* TASK TO COMPLETE: Check each line of the material that follows, and copy those holding the string "Minister".

* AVAILABLE DATA:
Segment Open

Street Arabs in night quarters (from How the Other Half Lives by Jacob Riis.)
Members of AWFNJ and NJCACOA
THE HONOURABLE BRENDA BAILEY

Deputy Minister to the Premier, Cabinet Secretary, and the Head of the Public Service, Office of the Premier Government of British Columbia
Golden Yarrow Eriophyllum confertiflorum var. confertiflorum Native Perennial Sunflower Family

Segment Closed
Segment Open

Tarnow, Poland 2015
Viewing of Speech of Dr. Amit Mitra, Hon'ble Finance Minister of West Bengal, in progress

Segment Closed

* ANSWER BOX:
Deputy Minister to the Premier, Cabinet Secretary, and the Head of the Public Service, Office of the Premier Government of British Columbia
Viewing of Speech of Dr. Amit Mitra, Hon'ble Finance Minister of West Bengal, in progress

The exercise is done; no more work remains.